Thomas Chubb agreed with Morgan that because reason had been neglected by the pagans, revelation was needed to bring people back to the right use of reason.[xvi]  While he thought that the New Testament was a revelation of God’s will,[xvii] that did not mean there were no errors in the Bible.  He said the apostles and first preachers “were infallible and did not err with respect to the grand errand they were sent upon because God would, and did interpose to rectify any error with respect to it,” but not so “with respect to every other point of lesser moment.”[xviii]  So for Chubb, the Bible was accurate in its overall portrayal of Jesus and the early Christians, but it was not accurate in all its lesser points.

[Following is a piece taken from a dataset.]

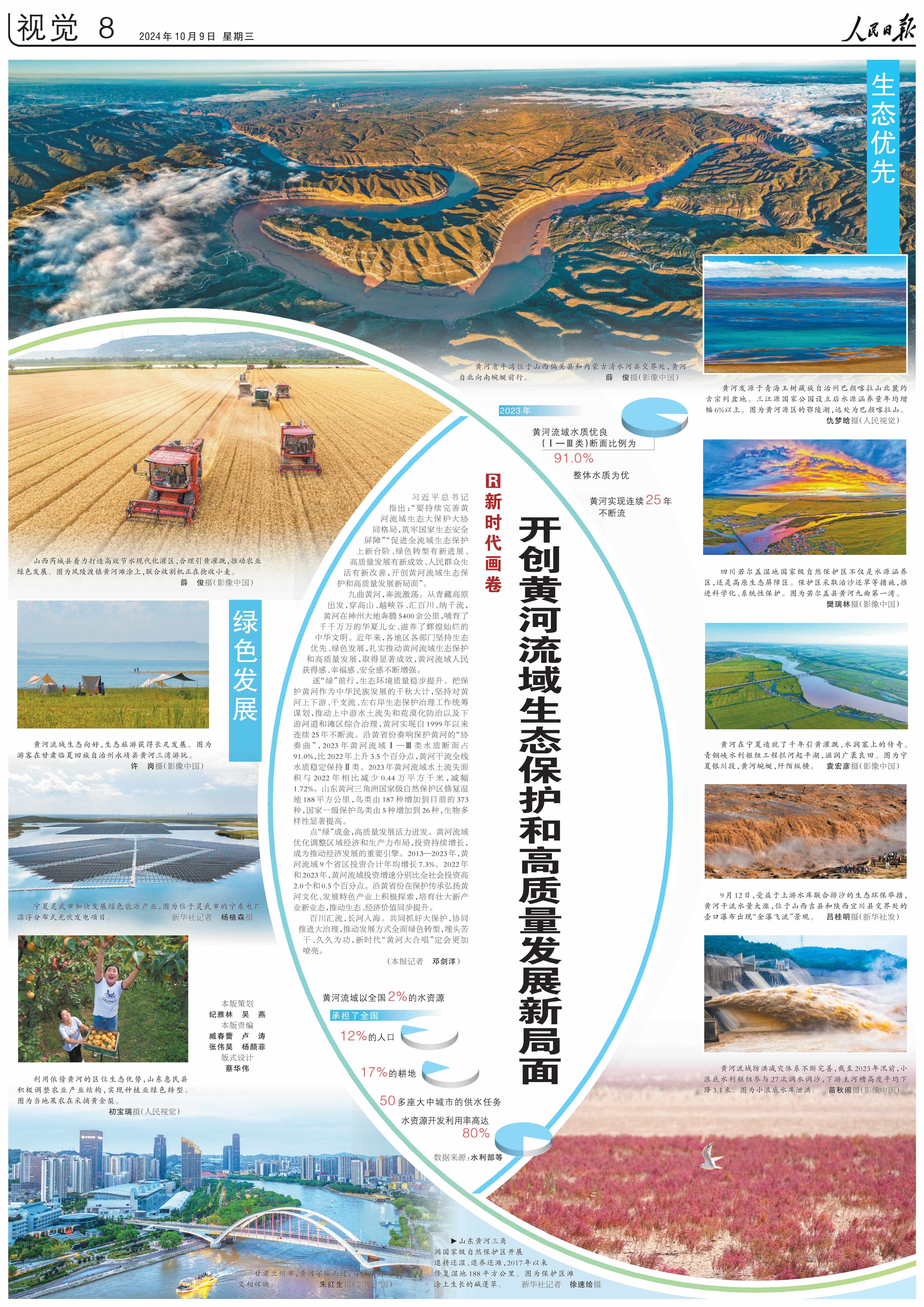 九曲黄河,奔流激荡。从青藏高原出发,穿高山、越峡谷、汇百川、纳千流,黄河在神州大地奔腾5400余公里,哺育了千千万万的华夏儿女、滋养了辉煌灿烂的中华文明。近年来,各地区各部门坚持生态优先、绿色发展,扎实推动黄河流域生态保护和高质量发展,取得显著成效,黄河流域人民获得感、幸福感、安全感不断增强。

It is important to understand that while many deists emphasized natural religion, their notion of reason was not an autonomous judging faculty that humans used for ends we chose independent of God.  Bolingbroke saw reason as intimately connected to God.  He described reason as “a real divine illumination.”[xix]  For Thomas Morgan, reason was the faculty through which divine inspiration was received.  Thomas Gordon went even further.  He said reason “is justly styled Divinae particula Aurae, a Ray or impulse of the Divinity.  And in what sense can a Man be said to be made after the Image of God, unless by his possessing that REASON which is a divine particle of the GODHEAD?”[xx] Other deists likewise thought of reason as connected to God: they thought it was a gift from God and a faculty which showed us our divine moral duty.  For this reason, Justin Champion said that for the deists “reason was lauded not as a secularizing principle, but as part of the ‘spiritual’ nature of humanity.”[xxi]


 
[iii] Bolingbroke, Philosophical Works, 4:26.
[iv] Bolingbroke, Philosophical Works,  2: 279.
[v] Bolingbroke, Philosophical Works, 2:279.
[vi] Tindal, Christianity, 213.
[vii] Gordon, The Independent Whig, 2:20 & 1:8.
[viii] Wollaston, Religion Nature, 211.
[ix] Anthony Collins, A Further Discourse of free-thinking: in a letter to a clergyman (London, 1713), 5.
[x] Anthony Collins, A Letter to the Reverend Dr. Rogers (London, 1727), 6.
[xi] John Trenchard, The Natural History of Superstition (London, 1709), 7.
[xii]Morgan, Moral Philosopher, 1:392.
[xiii] Morgan, Moral Philosopher, 1:145.
[xiv] Thomas Morgan, A Letter to Mr. Thomas Chubb (London, 1727), 29-30.
[xv] Morgan, Moral Philosopher, 1: 392.
[xvi] Thomas Chubb, “Discourse on Reason,” in The comparative excellence and Obligation… (London, 1730), 14-15.
[xvii] Thomas Chubb, “An Enquiry Concerning Covenants,” in Two Letters, containing… (London, 1736), 81.
[xviii] Thomas Chubb, “An Enquiry Concerning Books of the New Testament,” in Four Tracts (London, 1735), 37
[xix] Bolingbroke, Philosophical Works, 2: 279.
[xx] Gordon, Independent Whig, 2:18-20.
[xxi] Champion, Pillars Priestcraft, 212.